Was the Emeryville Shellmound a cemetery?
There were many graves in the Emeryville Shellmound. Some archaeologists and Native Americans believe that the site was mainly a special place to bury the dead and hold mourning ceremonies. Others believe that the people buried at Emeryville are the people who lived there, over the long history of the site. It is possible that the way the site was used changed over time. No one can know for sure.

Do archaeologists get to keep what they find?
Archaeologists do not keep what they find. When the analysis is complete and the archaeologist has tried to answer his or her own research questions about the site, archaeologists take archaeological collection to be stored in a museum or other special facilities.
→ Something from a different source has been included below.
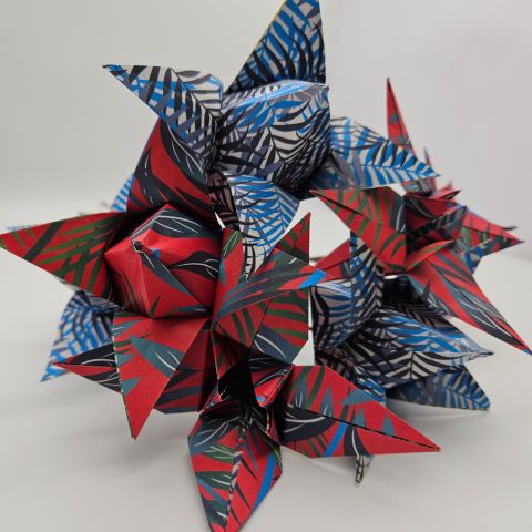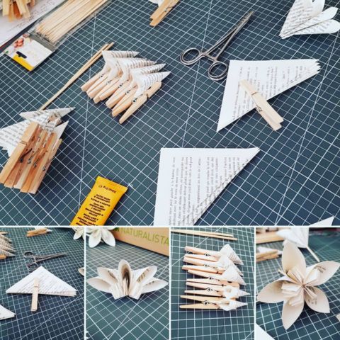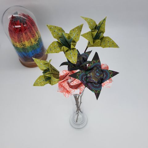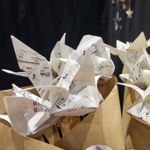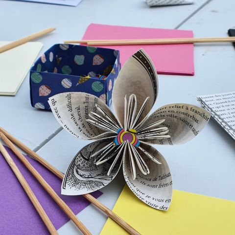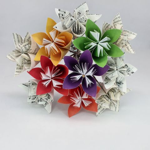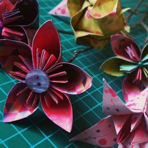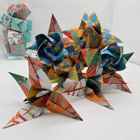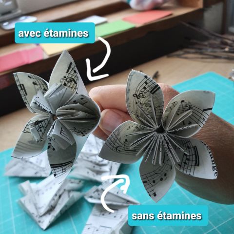 Les pliages sont réalisés avec des papiers surcyclés ( partition de musique, papier roman, bandes dessinées…..) ou bien avec des papiers fantaisies.

This is a way of making sure that the collection and information will be available for other researchers to study in the future. For most archaeologists, what is important is "not what we find, but what we find out."

In respect for the wishes of Ohlone descendants, human remains and the artifacts found with them at Emeryville were not placed in a museum, but were reburied in the ground, in a place where they would be safe from disturbance in the future.

Where happens to the artifacts and samples after they have been studied?
After analysis was completed, the artifacts and samples were taken to the Phoebe Apperson Hearst Museum of Anthropology at the University of California, Berkeley for permanent curation. There they will be carefully stored and preserved so that they can be studied by other archaeologists. There is always more to learn. Replicas of some of the artifacts will be displayed at the Community Room at the Bay Street Center in Emeryville.

Human skeletons that would have been destroyed by the cleanup or redevelopment of the site were excavated respectfully by archaeologists. Some Ohlone descendants prefer that no archaeological analysis be conducted on human remains or associated artifacts. The Native American observers at Emeryville decided that they did not want scientists to study the skeletons found at Emeryville. However, archaeologists were permitted to make casts - exact copies - of many of the artifacts that were found in graves, so that these could be studied. Human remains and associated artifacts were then reburied in a place that would be safe from future disturbance.